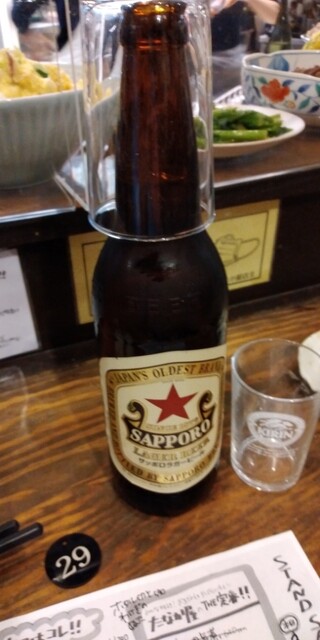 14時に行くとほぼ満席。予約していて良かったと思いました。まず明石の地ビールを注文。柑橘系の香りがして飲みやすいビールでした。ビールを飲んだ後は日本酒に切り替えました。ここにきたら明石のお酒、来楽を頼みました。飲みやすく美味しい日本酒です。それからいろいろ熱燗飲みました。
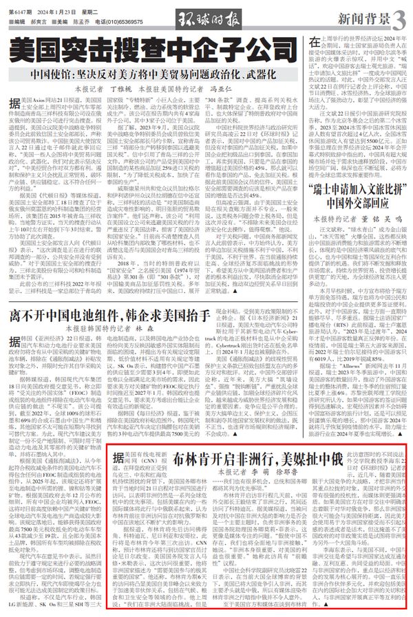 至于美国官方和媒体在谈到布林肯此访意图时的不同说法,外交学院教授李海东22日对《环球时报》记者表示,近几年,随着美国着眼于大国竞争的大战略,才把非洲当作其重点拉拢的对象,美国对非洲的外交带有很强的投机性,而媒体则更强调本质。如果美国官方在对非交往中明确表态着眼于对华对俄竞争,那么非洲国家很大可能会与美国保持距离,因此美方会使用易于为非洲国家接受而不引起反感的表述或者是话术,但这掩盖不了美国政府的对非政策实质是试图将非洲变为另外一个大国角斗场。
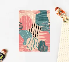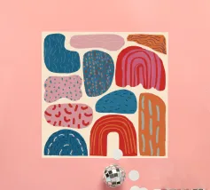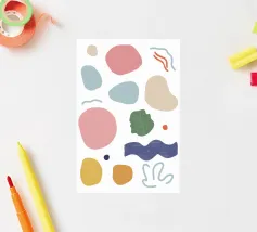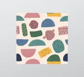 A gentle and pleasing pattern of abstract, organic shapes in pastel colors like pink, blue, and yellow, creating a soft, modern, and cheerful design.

==

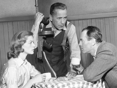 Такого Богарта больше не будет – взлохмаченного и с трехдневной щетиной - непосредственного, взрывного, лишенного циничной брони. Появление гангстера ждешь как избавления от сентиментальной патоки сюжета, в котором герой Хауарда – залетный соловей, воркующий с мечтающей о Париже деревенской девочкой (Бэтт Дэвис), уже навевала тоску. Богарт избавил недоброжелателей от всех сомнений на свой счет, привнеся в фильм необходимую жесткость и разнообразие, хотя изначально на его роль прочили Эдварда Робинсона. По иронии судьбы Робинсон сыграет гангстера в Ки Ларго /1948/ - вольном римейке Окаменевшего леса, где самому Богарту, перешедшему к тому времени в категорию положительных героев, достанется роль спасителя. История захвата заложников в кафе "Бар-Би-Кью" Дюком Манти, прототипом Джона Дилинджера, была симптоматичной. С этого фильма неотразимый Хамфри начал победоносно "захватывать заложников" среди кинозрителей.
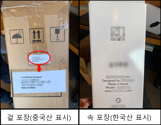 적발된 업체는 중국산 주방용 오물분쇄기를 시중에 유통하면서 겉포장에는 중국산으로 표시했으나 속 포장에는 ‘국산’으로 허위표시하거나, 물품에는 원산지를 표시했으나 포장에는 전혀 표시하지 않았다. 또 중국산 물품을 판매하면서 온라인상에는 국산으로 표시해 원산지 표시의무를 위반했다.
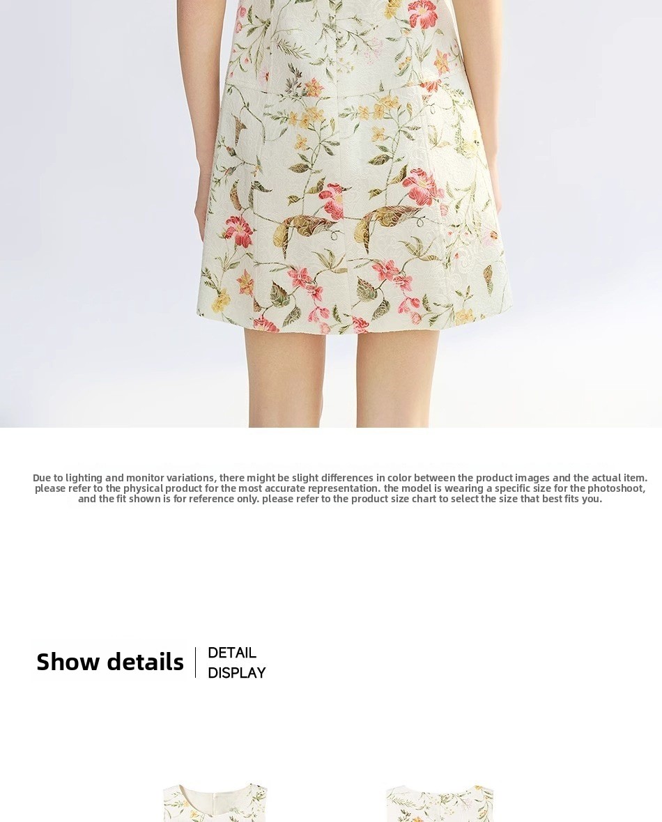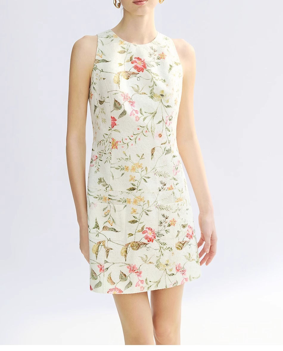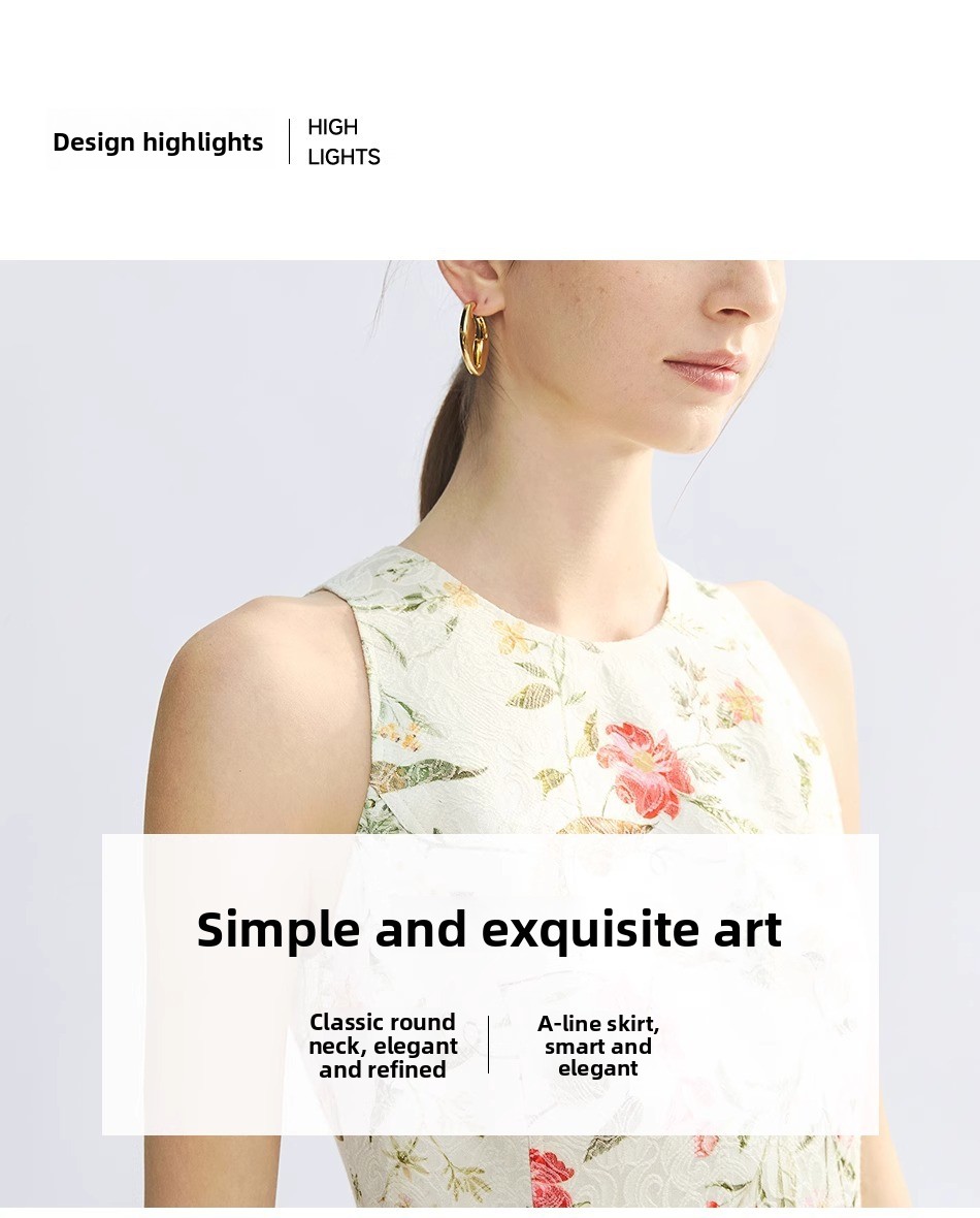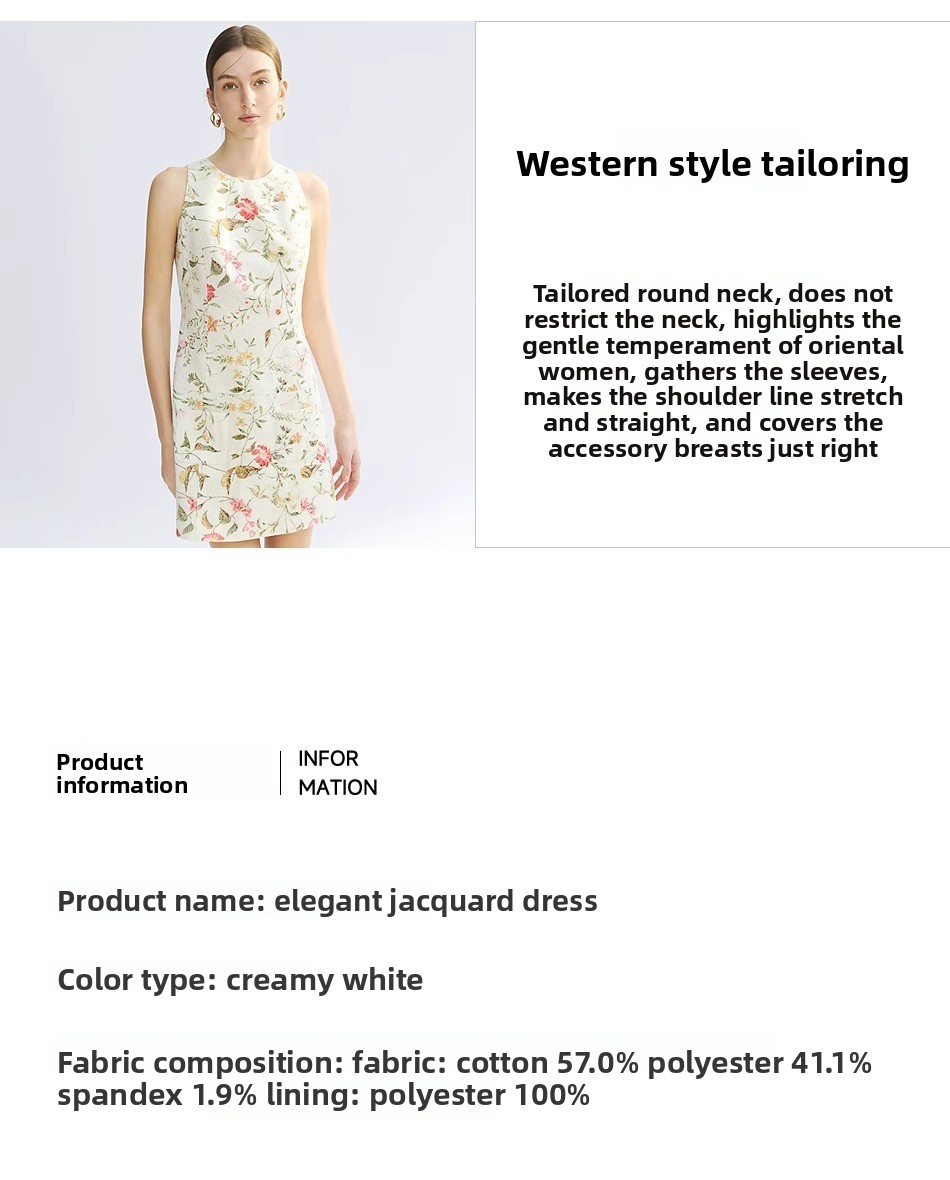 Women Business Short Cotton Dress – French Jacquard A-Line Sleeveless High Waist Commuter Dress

**Required work**
Taking the entries above, extract every line from the one bearing "14時に行くとほぼ満席。予約" through the one bearing "A gentle and", exactly, with no pictures.

**Task solution**
 14時に行くとほぼ満席。予約していて良かったと思いました。まず明石の地ビールを注文。柑橘系の香りがして飲みやすいビールでした。ビールを飲んだ後は日本酒に切り替えました。ここにきたら明石のお酒、来楽を頼みました。飲みやすく美味しい日本酒です。それからいろいろ熱燗飲みました。
 至于美国官方和媒体在谈到布林肯此访意图时的不同说法,外交学院教授李海东22日对《环球时报》记者表示,近几年,随着美国着眼于大国竞争的大战略,才把非洲当作其重点拉拢的对象,美国对非洲的外交带有很强的投机性,而媒体则更强调本质。如果美国官方在对非交往中明确表态着眼于对华对俄竞争,那么非洲国家很大可能会与美国保持距离,因此美方会使用易于为非洲国家接受而不引起反感的表述或者是话术,但这掩盖不了美国政府的对非政策实质是试图将非洲变为另外一个大国角斗场。
 A gentle and pleasing pattern of abstract, organic shapes in pastel colors like pink, blue, and yellow, creating a soft, modern, and cheerful design.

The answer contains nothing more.